DATASET CONTENT:
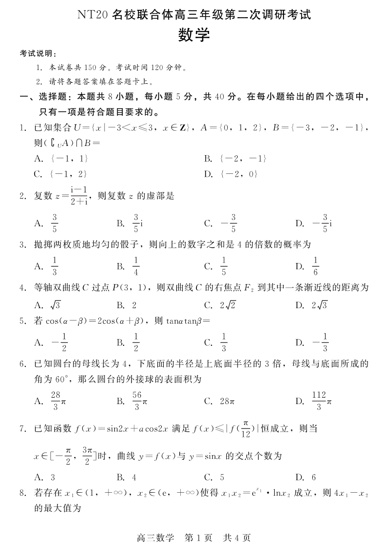 河北省NT20名校联合体2025届高三年级第二次调研考试数学
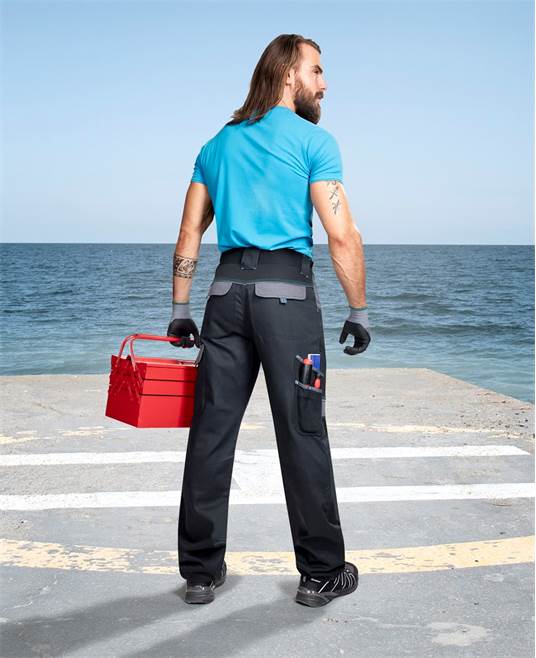 - klasické montérkové kalhoty do pasu sportovního střihu
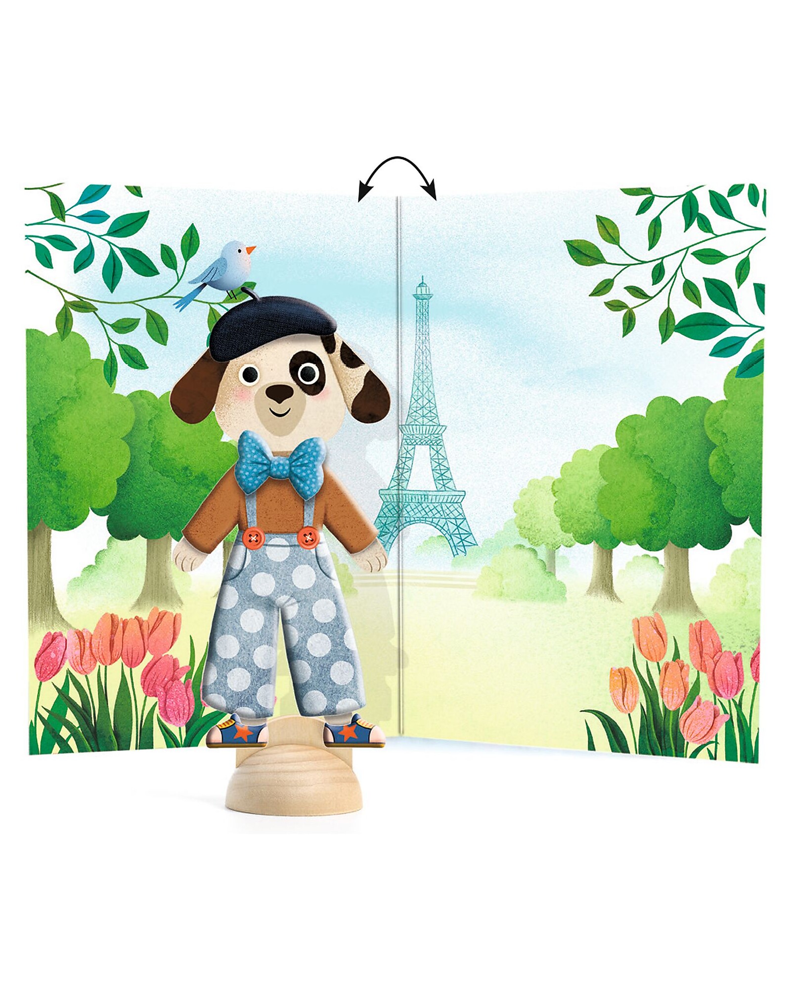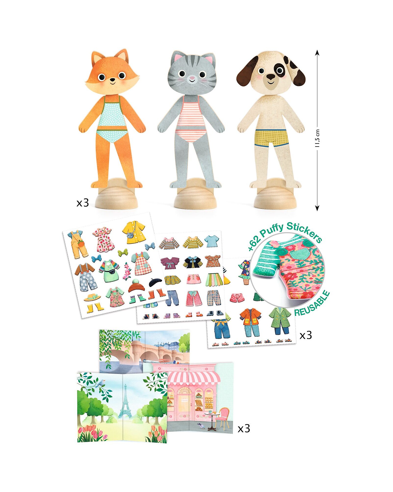 - Include: 3 personaggi in legno con supporto, 45 vestiti riposizionabili, 3 decorazioni in cartone, 1 libretto di istruzioni

REQUIRED ACTION: Without the pictures, output the full listing exactly as it stands.

ANSWER TO THIS PROBLEM:
 河北省NT20名校联合体2025届高三年级第二次调研考试数学
 - klasické montérkové kalhoty do pasu sportovního střihu
 - Include: 3 personaggi in legno con supporto, 45 vestiti riposizionabili, 3 decorazioni in cartone, 1 libretto di istruzioni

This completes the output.